2. Test Micro-Interactions, Not Full Flows
Focus on one specific interaction at a time:
- •One button click
- •One drag gesture
- •One transition
- •One animation
3. Include What to Look For
Tell the AI what aspects matter:
- •Timing/speed
- •Easing curves
- •Visual effects
- •Physical realism
- •Retro authenticity
4. Watch Videos Yourself
AI analysis + your eye = complete picture. Videos saved in recordings/
Advanced: Programmatic Use
import { recordAndAnalyze } from './.cursor/skills/visual-test/scripts/record-and-analyze.js';
const result = await recordAndAnalyze(
'http://localhost:8000',
'Does the CRT screen glow feel authentic?',
[
{type: 'hover', selector: '#tv-screen'},
{type: 'wait', ms: 2000}
]
);
console.log(result.analysis);
// Access: result.videoPath, result.analysisPath
Troubleshooting
"OPENROUTER_API_KEY environment variable is required"
- •Add your key to
.envin project root:OPENROUTER_API_KEY=sk-or-v1-... - •Or export directly:
export OPENROUTER_API_KEY=sk-or-v1-...
"Executable doesn't exist"
cd .cursor/skills/visual-test npx playwright install chromium
"Selector not found"
- •Action tried to interact with element that doesn't exist
- •Check selector with browser DevTools first
"No video generated"
- •Playwright needs time to finalize video after context.close()

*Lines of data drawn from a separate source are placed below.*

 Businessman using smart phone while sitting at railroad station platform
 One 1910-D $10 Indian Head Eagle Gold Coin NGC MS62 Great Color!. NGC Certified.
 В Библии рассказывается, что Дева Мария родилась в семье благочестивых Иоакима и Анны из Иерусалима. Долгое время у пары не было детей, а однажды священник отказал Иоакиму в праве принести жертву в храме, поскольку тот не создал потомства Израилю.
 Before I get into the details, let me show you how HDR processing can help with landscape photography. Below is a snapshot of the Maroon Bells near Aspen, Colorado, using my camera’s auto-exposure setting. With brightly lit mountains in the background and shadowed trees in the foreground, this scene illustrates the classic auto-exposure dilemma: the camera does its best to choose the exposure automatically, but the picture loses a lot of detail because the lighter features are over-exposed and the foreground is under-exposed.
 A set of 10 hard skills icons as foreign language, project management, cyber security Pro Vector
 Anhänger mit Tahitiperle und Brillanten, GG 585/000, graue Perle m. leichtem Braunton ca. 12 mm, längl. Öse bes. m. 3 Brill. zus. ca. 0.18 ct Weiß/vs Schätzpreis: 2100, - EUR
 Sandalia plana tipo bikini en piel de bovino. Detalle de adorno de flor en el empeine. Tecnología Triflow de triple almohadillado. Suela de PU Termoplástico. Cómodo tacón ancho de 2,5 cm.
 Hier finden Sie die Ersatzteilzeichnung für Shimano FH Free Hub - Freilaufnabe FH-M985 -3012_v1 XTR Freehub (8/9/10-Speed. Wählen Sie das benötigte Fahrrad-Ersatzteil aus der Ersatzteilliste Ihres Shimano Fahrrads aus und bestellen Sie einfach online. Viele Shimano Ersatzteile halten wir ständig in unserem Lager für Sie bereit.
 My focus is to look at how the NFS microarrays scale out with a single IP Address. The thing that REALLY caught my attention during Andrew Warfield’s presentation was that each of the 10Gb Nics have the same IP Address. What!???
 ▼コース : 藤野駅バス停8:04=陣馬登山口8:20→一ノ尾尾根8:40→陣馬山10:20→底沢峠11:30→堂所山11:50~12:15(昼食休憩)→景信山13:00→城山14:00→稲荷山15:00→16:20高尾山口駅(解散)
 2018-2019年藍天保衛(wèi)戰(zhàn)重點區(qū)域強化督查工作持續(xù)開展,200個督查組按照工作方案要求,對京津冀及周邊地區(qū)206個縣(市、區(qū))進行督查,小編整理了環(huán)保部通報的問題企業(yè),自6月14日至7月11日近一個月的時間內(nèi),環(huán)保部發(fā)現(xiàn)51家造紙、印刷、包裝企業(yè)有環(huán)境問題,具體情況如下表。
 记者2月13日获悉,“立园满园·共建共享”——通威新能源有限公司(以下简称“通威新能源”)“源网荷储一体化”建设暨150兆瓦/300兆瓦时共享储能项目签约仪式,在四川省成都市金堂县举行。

- •Script waits automatically, but very fast interactions might need longer wait
Example Output
🌐 Navigating to: http://localhost:8000 🎬 Recording interactions... → click on #channel-knob → drag on #channel-knob → wait on page 💾 Saving video... 📹 Video saved: .cursor/skills/visual-test/recordings/abc123.webm 🤖 Analyzing with Gemini 3 Pro... ================================================================================ 📊 ANALYSIS ================================================================================ The knob rotation feels mechanical but lacks physical weight. The easing curve is too linear - real knobs have inertia. Recommendation: Add cubic-bezier easing and slight overshoot on release. ================================================================================
Use this tool proactively when building retro/physical interfaces. Don't guess if something feels right - test it.